VoltStorage GmbH is a German based company focussing on the European market. The goal is to develop cascadeable batteries up to 5 x 50 kWh with 9.4 MW or 234 MWh per acre with efficiencies of 70%, with a lifetime of > 20 years and > 10.000 cycles.

Sacramento Municipal Utility District installed an iron flow battery in September 2022

History 
Hruska et al. introduced the IRFB in 1981 and further analysed the system in terms of material choice, electrolyte additives, temperature and pH effect. The group set the groundwork for further development. In 1979, Thaller et. al. introduced an iron-hydrogen fuel cell as a rebalancing cell for the chromium-iron redox flow battery  which was adapted 1983 for the iron-redox flow batteries by Stalnake et al. Further development went into the fuel cell as a separate system.
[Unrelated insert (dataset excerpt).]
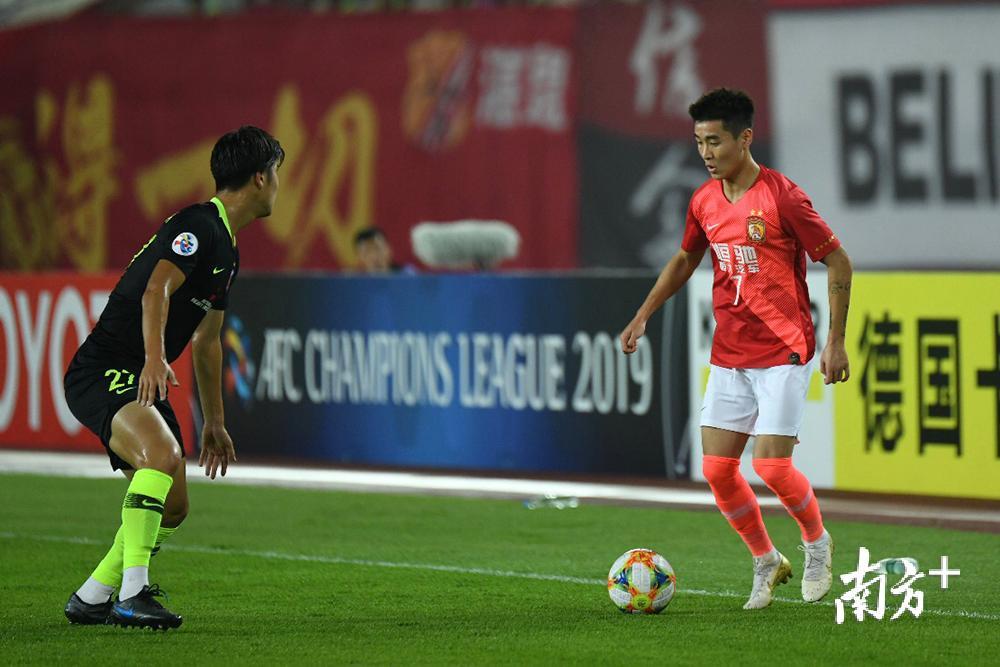 韋世豪面對防守球員,準(zhǔn)備突破。本場比賽,韋世豪所在的恒大左路相當(dāng)活躍,多次制造攻勢。

The IRFB has continuously been developed since the introduction of the system. Petek et al. substituted the solid felt electrodes with slurry electrodes (e.g. MWCNT). Research groups worked on analysing different additives to minimise HER. [8] Noack et al. investigated different supporting salts (e.g. K+, Cs+, Mg2+, Al3+) and secondary metals in 2021 with Cu, Tl, Pd and Cd being promising metals.

Adding ligands to the electrolyte, thus, forming iron complexes, increases the cell voltage. Gong et al. combined different redox pairs with different ligands and increased the cell voltage from 1.2 V to 1.34 V with [Fe(CN)6]3- / [Fe(CN)6]4- and [Fe(TEOA)OH]− / [Fe(TEOA)OH]2- in an alkaline environment.

Different rebalancing systems were analysed  and Noack et. al. further investigated coupling the IRFB with a fuel cell as a rebalancing system.

The development is ongoing as the motivation to alternative energy storages is high.